Based on the same gas reservoir model above, for vertical well development. X direction well spacing is set at 240, 260, and 280 m; Y direction well spacing at 40, 45, and 50 m; and Z direction fracture spacing at 30, 32, and 34 m. The above three factors are combined, and the optimization scheme is determined by the orthogonal design method, as shown in Table 8.
According to the orthogonal design, nine schemes are simulated respectively. Figure 16 is the pressure distribution field of different development schemes after 20 years of exploitation, and Figure 17 is the cumulative production of a single well with different schemes of vertical wells.
Table 9 is the yield analysis table of the different schemes of deviated wells.
According to the yield values of the above scheme, the average yield values, K avg , of three levels in three factors are calculated respectively. As shown in Figure 18, the optimal combination of vertical well development is 280 m in the well spacing in the X direction, 40 m in the well spacing in the Y direction, and 30 m in the fracture spacing in the Z direction.
By calculating the range value, R, of three factors, for vertical wells, we get RFactor-1(0.18) > RFactor-2(0.03) > RFactor-3(0.02). Therefore, factor-1 (X direction well spacing) has the greatest impact on its productivity.

6. Conclusions

In this paper, a gas–water two-phase flow model in a shale gas reservoir considering adsorption/desorption, Knudsen diffusion, and stress sensitivity are established. The fluid flow in fractures is modeled explicitly with the embedded discrete fracture model, and the reliability of the numerical model and algorithm is verified by comparing the actual production data of the Barnett shale gas reservoir.
After verification of the simulator, this paper first establishes a shale gas reservoir model with different natural fracture densities and simulates the production of the same horizontal well under different natural fracture densities. The results show that the natural fracture density will affect the utilization range of the well and then greatly affect the production of the well. The orthogonal experimental design method was then used to optimize the best combination of well spacing and fracture spacing for horizontal wells, deviated wells, and vertical wells. The results show that the optimal combination of horizontal well development is 260 m in the well spacing in the X direction, 50 m in the fracture spacing in the Y direction, and 34 m in the well spacing in the Z direction. The optimal combination of deviated well development is 260 m in the well spacing in the X direction, 40 m in the fracture spacing in the Y direction, and 34 m in the fracture spacing in the Z direction.
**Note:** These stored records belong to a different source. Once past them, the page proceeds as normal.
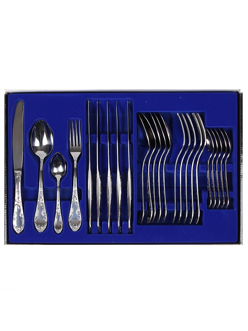 В комплекте 24 предмета длиной 20 см, с фигурными металлическими ручками, художественной росписью, в классическом серебристом цвете. Подходит для столовых и чайных сервировок.
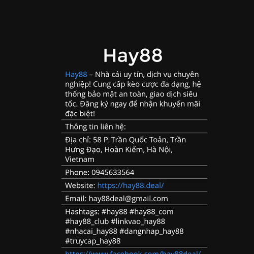 Hay88 – Cá cược đỉnh cao, thắng lớn mỗi ngày! 58 P. Trần Quốc Toản, Trần Hưng Đạo, Hoàn Kiếm, Hà Nội, Vietnam 0945633564
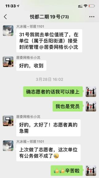 积极参与各项志愿者活动。团队沙玲老师、岳敏老师主动请缨,参与到核酸检测、发放抗原试剂、发放政府物质、巡逻等多项志愿活动中,一项项看似简单的工作,却完美诠释出老师们的责任与担当。
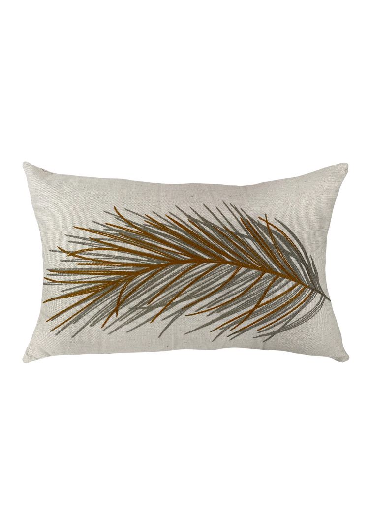 ALMOFADA EM LINHO C/ BORDADO EM FOLHA 35/50
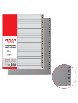 Разделитель пластиковый ОФИСМАГ, А4, 31 лист, цифровой 1-31, оглавление, серый, РОССИЯ, 225605

The optimal combination of vertical well development is 280 m in the well spacing in the X direction, 40 m in the well spacing in the Y direction, and 30 m in the fracture spacing in the Z direction.

Author Contributions

Methodology, T.H.; Resources, Z.H.; Supervision, T.H.; Writing—original draft, X.L.; Writing—review & editing, F.S. and R.W. All authors have read and agreed to the published version of the manuscript.

Funding

This research was supported by the National Natural Science Foundation of China (No.52004246), the Natural Science Foundation of Zhejiang Province (No.LQ20E040003), and the Science and Technology Project of Zhoushan Bureau (No.2021C21016).

Institutional Review Board Statement

Not applicable.

Informed Consent Statement

Not applicable.

Data Availability Statement

Not applicable.

Conflicts of Interest

The authors declare no conflict of interest.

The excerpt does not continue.